Чтобы хотя бы намеком ответить на такой вопрос, надо бы посмотреть на историю минерального мира нашей Земли совершенно другими глазами, чем смотрели в последние столетия.

В уже упомянутом цикле докладов «Облики мистерий» Р. Штайнер показал, что древнейшие жизненные процессы всего существа «Земли» были минерально­растительной и растительно-животной природы. Пережиток первых мы можем находить в примечательных, подобных древесине и вообще ­ растительно­органических структурах определенных пород и минералов, а также в чрезвычайной красочности многих минералов того «времени». Отчетливо органическое окончание той эпохи жизни Земли образует нефть, соответствующую эфирным маслам наших высших растений, и каменный уголь.

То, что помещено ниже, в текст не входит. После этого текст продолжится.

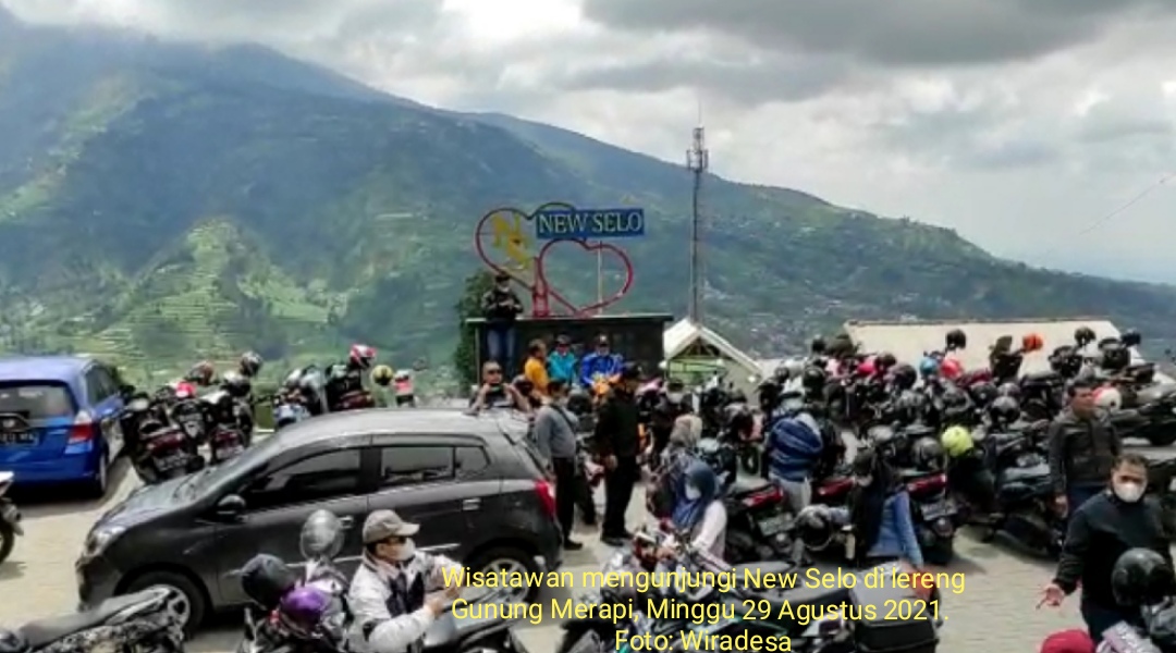 Pada Minggu 29 Agustus 2021, tampak ratusan wisatawan, kebanyakan berkendara sepeda motor memadati area parkir di sekitar spot foto tertulis New Selo.

Растительно­животные жизненные процессы, которые начинаются в то время, сильно пересекаясь с предшествующими минерально­растительными, оставили свои следы в уже упомянутом агате и сходных образованиях. Мы могли бы охарактеризовать эти, приближающиеся к животному, жизненные процессы образованием полостей так называемых мандельштайнов*, материнской породы агата.

Такое образование полостей выступает уже в гранитах, очень древних породах, которые образуют основную твердь минеральных пластов Земли. Только эти полости не сферические, как в агатовых миндалинах, а длинные, подобные рукавам и простирающиеся на большие расстояния. Они роятся сквозь гранит, извиваясь, суживаясь и расширяясь снова в обширные полости. На периферии этих рукавообразных ходов отдельные составные части гранита ­ кварц, слюда и полевой шпат ­ становятся все более грубозернистыми, вплоть до гигантских размеров зерен, которые, особенно у полевого шпата и слюды, могут вырастать в виде гигантских кристаллов. Эту метаморфозу составных частей гранитов в направлении грубозернистости и образования больших кристаллов-индивидов, при одновременном образовании полостей, называют пегматитом. В полостях этого пегматита и образуются великолепнейшие кристаллы кварца, слюды и полевого шпата, сопровождаемые изобилием самых различных цветных и редких благородных камней.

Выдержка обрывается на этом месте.